If the seizures are caused by a mass or lesion in the brain, the mass or lesion can be surgically removed (resected). With this type of epilepsy, the likelihood of a patient being seizure-free after surgery is very high (up to 80 percent). In other cases, a child may have an epileptic syndrome or seizures on one side of the brain. Surgical treatment in this case may include a hemispherotomy, which is an operation that disconnects one half of the brain (hemisphere) from the other half of the brain without removing it. Other surgical treatments that decrease seizures include corpus callosotomy—cutting the corpus callosum, which is the band of tissues that transmits messages from one side of the brain to the other—and vagus nerve stimulation (implanting a device to generate pulses of electricity to stimulate the vagus nerve, which can decrease seizure frequency.
Based on an initial evaluation, if the seizures are not caused by a lesion or mass or localized area, they can be treated with antiepileptic drugs (AEDs). In these cases, AEDs are used as the first line of treatment. Approximately 50 percent of children with epilepsy will become seizure-free with their first medication. Another 15 percent will become seizure-free with a second medication. As many as 15 to 30 percent of children with epilepsy will continue to have seizures even after treatment with medication. This is often referred to as uncontrolled, intractable, or refractory epilepsy.

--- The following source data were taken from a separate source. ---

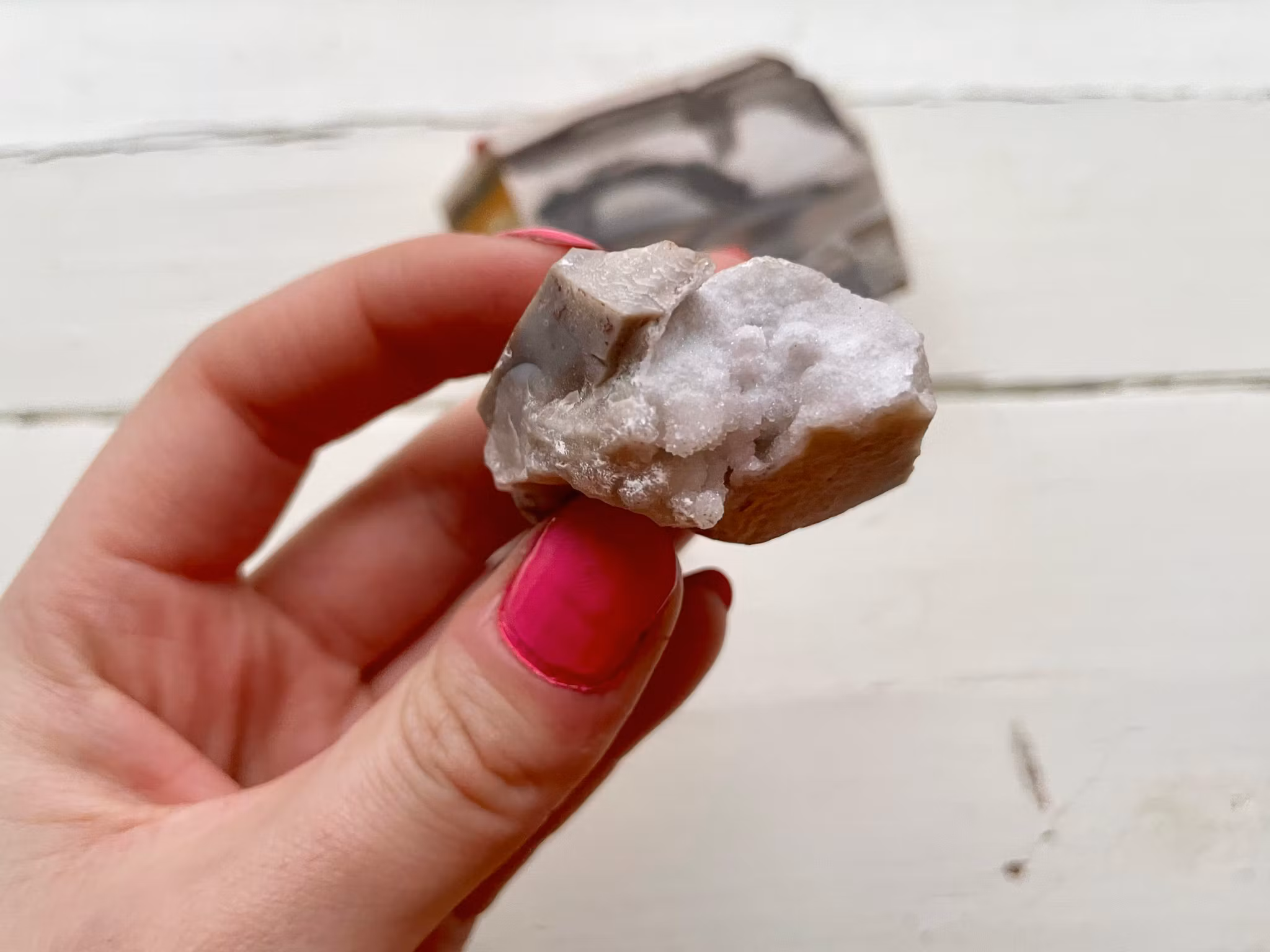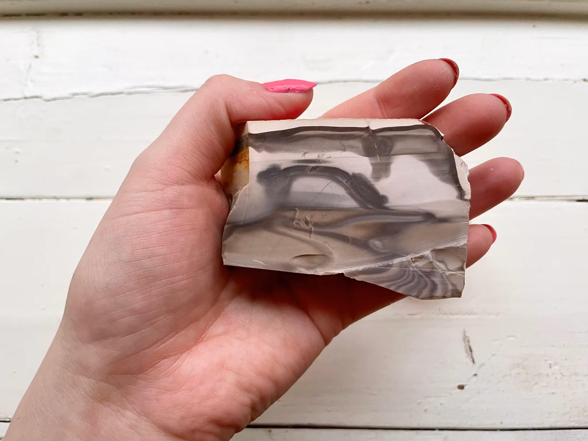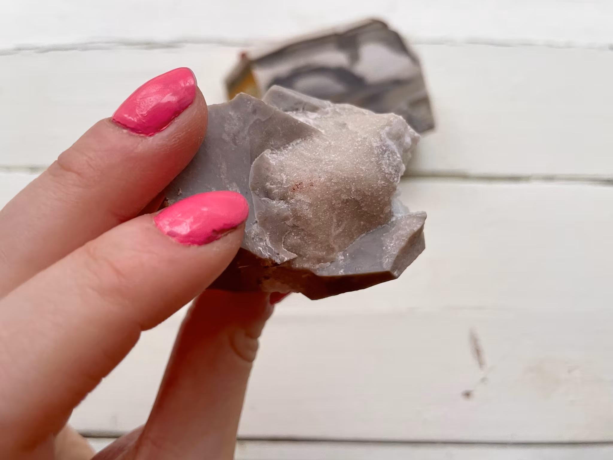 Fina flinta stenar i olika former och färger. Flintan som väger 21g är upphittad i Limhamn. Flintan / bergkristallen som väger 50g är upphittad i Ivarnby. Flintan som väger 147g är upphittad i Polen.
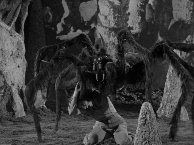 What delights me most about the Moon spiders is how irrelevant they are. They drop in during the first trip through the caves and are never seen again. Nobody is injured by them, and the bullets used to slay them don’t create a shortage of ammunition. The damn things don’t even come back for the climax, which takes place largely off-screen in the cave. To all appearances the spider footage was added just so something onscreen would actually make use of the 3D print. That and spiders look great on promotional material.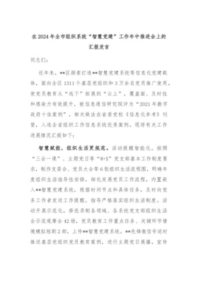 【七哥公文】2024年:在2024年全市组织系统“智慧党建”工作年中推进会上的汇报发言+更多免费公文+VX:QiGeGongWen2024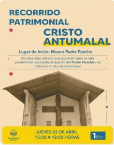 Recorrido Patrimonial Cristo Antumalal se denomina la experiencia a la cual está invitando la Municipalidad de Pucón, este jueves 2 de abril a partir de las 15 horas y hasta aproximadamente 6 de la tarde, desde el Museo del “Padre Pancho”, junto a la Plaza de Armas de la urbe lacustre, con paso por diferentes puntos de valor cultural y no sólo religioso.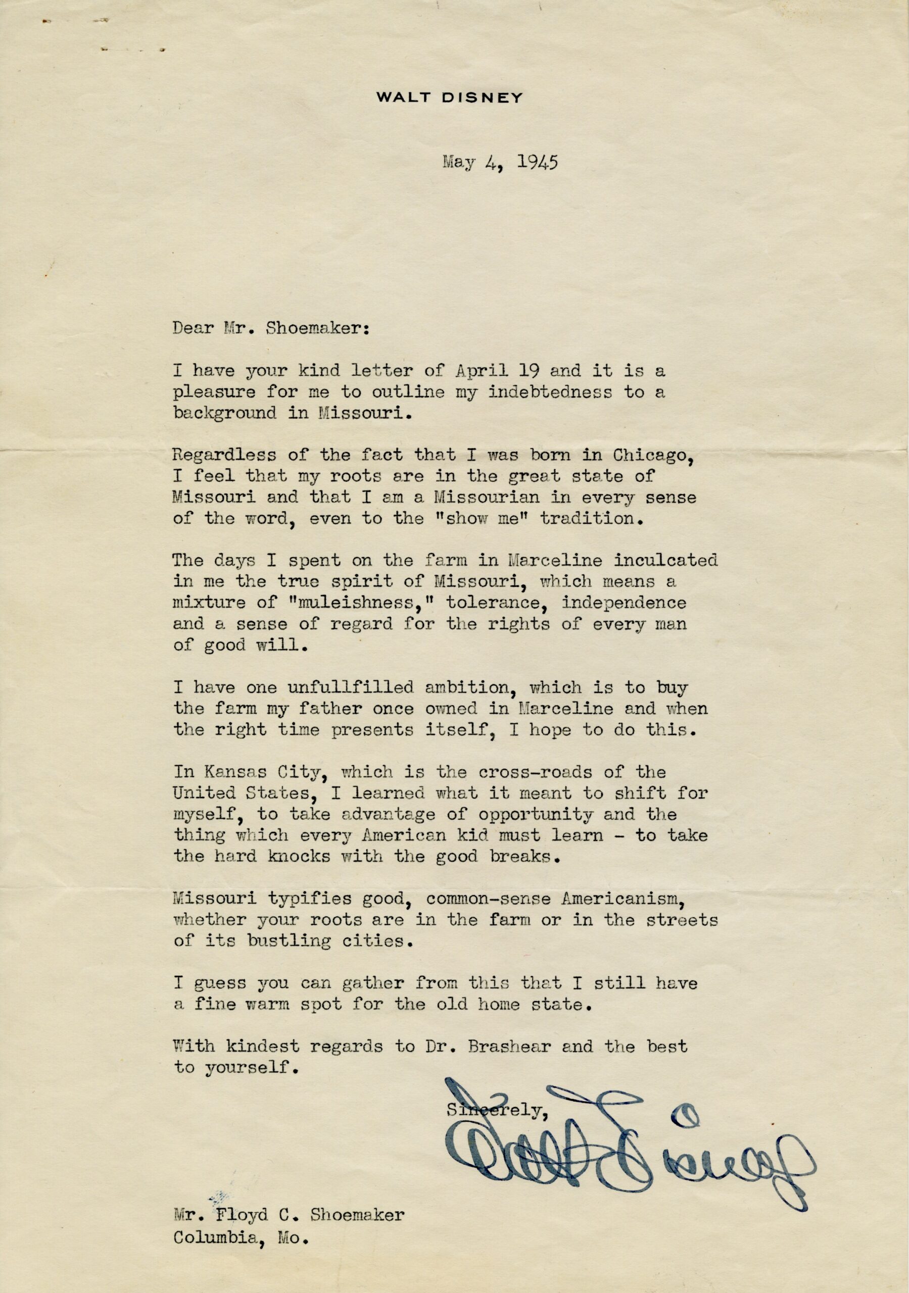 I have one unfullfilled ambition, which is to buy the farm my father once owned in Marceline and when the right time presents itself, I hope to do this.

When medication fails to completely prevent seizures, even if it's just one or two seizures every couple of months, children will undergo further evaluation for surgical treatment. Advancements in neurosurgery and neuro-anesthesia have dramatically decreased the risk of undergoing surgery for the treatment of epilepsy. Multiple studies have shown that surgery can allow for many children with epilepsy to be seizure-free. The earlier children with medically refractory epilepsy are evaluated, the sooner we can take steps to treat them properly.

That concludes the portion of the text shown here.